La pénurie récurrente de dioxyde de carbone a au moins une petite brasserie qui cherche des moyens de capturer le CO2 naturellement produit pendant le processus de fermentation. Alewerks étudie la possibilité, a déclaré Claar, le directeur des opérations. Ce n’est pas un processus bon marché, a-t-il dit, mais cela pourrait aider à compenser les besoins en CO2 d’Alewerks.

“Sur la base de tout ce qui se passe maintenant, nous devons plonger”, a déclaré Claar.

L’Association des brasseurs a publié des directives à l’intention des brasseurs pour les aider à tirer le meilleur parti de leur dioxyde de carbone, notamment en s’assurant qu’il n’y a pas de fuites dans leurs conduites. Pease dit que les brasseurs se sont habitués à subir des revers: plus tôt cette année, Ball Corp., le plus grand fournisseur de canettes, a quintuplé sa commande minimale, obligeant de nombreuses brasseries à rechercher différents fournisseurs, souvent à un coût plus élevé.

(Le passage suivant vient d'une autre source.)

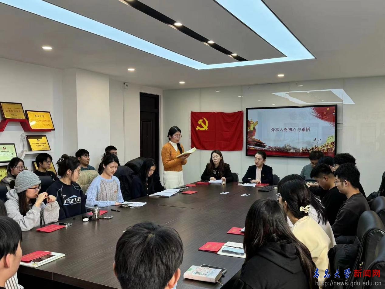 活動中,全體黨員重溫入黨誓詞。院黨委副書記孫竹媛為新加入黨組織的黨員贈送政治生日賀卡,各位黨員也莊重寫下自己的政治生日愿望并依次分享入黨初心以及感悟,全體黨員集體學(xué)習(xí)了習(xí)近平總書記依法治國重要講話精神并分享了學(xué)習(xí)體會。
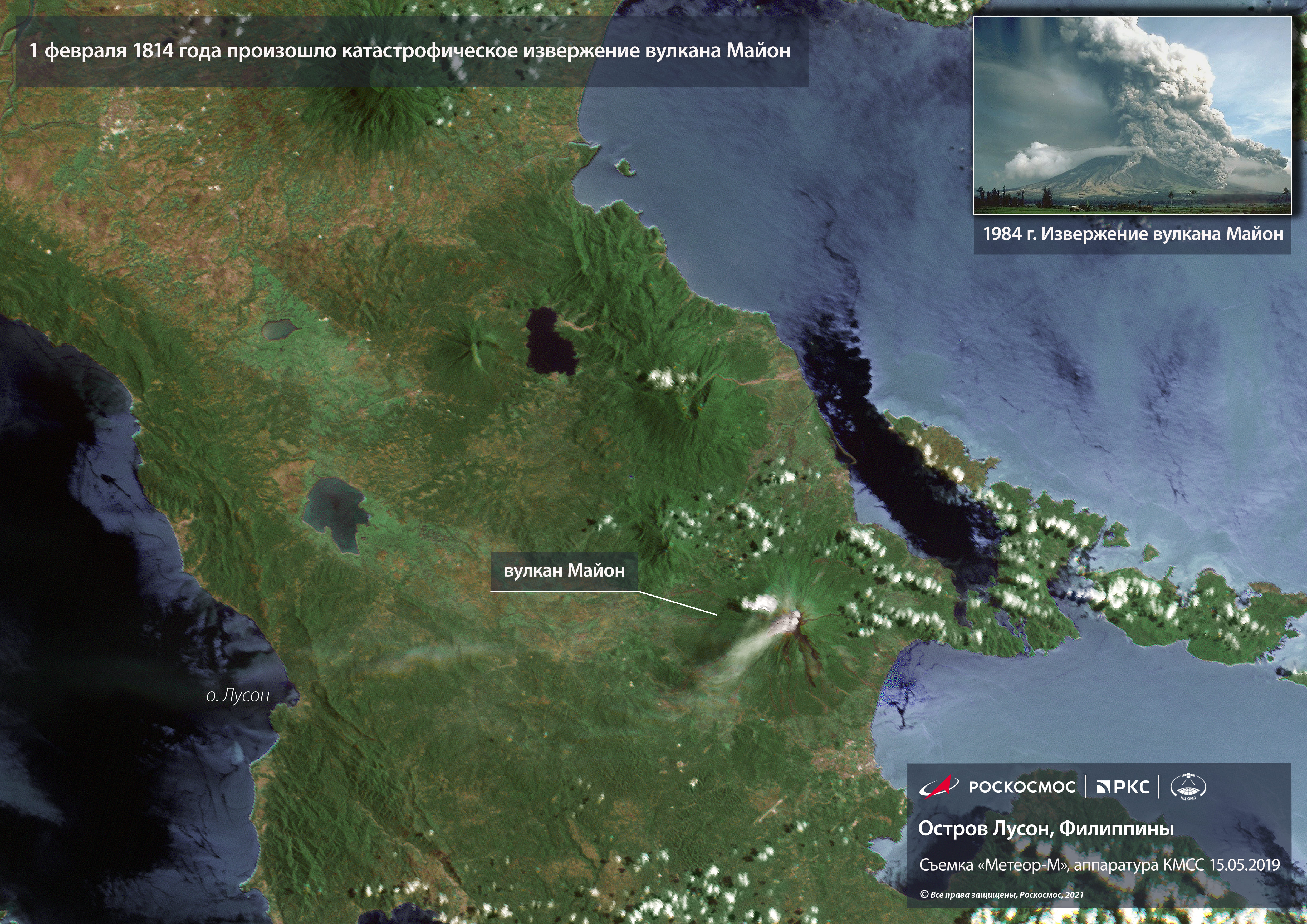 1 февраля 1814 г. — произошло катастрофическое извержение вулкана МайонФото со спутника: Метеор-М 1 февраля 1814 г. — произошло катастрофическое извержение вулкана Майон
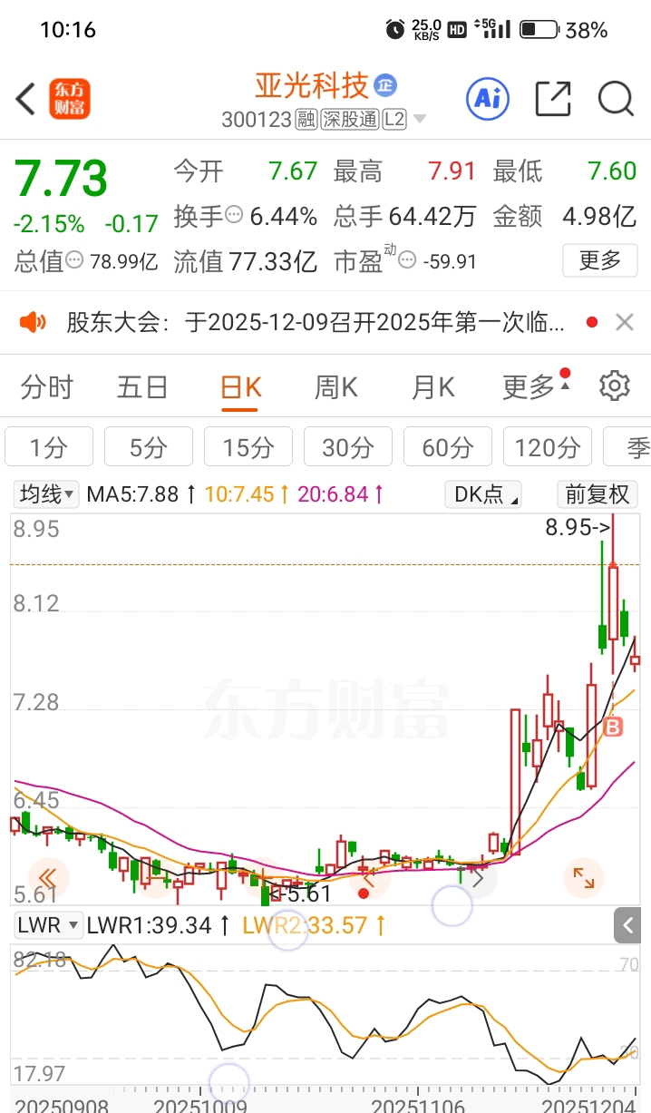 $亚光科技(SZ300123)$ 不买天天涨,一买天天跌,又被套。
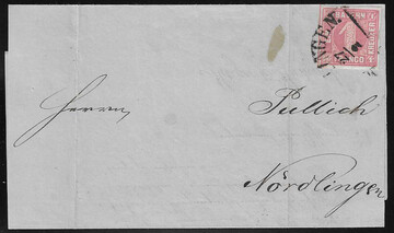 1 Kr. rosa, Prachtstück mit Plattenfehler III auf zweifach gefalteter Drucksache mit HK "Lauingen", interessant "forwarded" aus Reutlingen zwecks Portoersparnis, sign. Sem. Mi. 200,- +
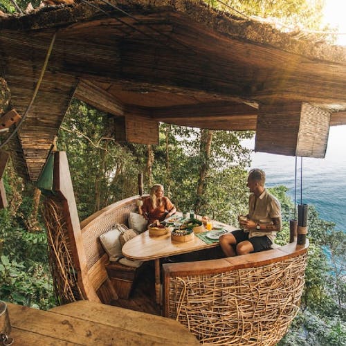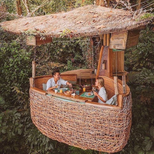 Um restaurante em um ninho de pássaros onde os garçons vão até você de tirolesa. Conheça essa experiência inspirada na natureza

Parmi les autres coups sûrs, citons l’augmentation des coûts de main-d’œuvre, de transport et d’autres ingrédients.

“Nos membres ont fait face à une longue série de défis, et nous avons trouvé des moyens de surmonter la plupart d’entre eux”, a déclaré Pease. “Nous allons essayer d’aider nos membres à surmonter celui-ci.”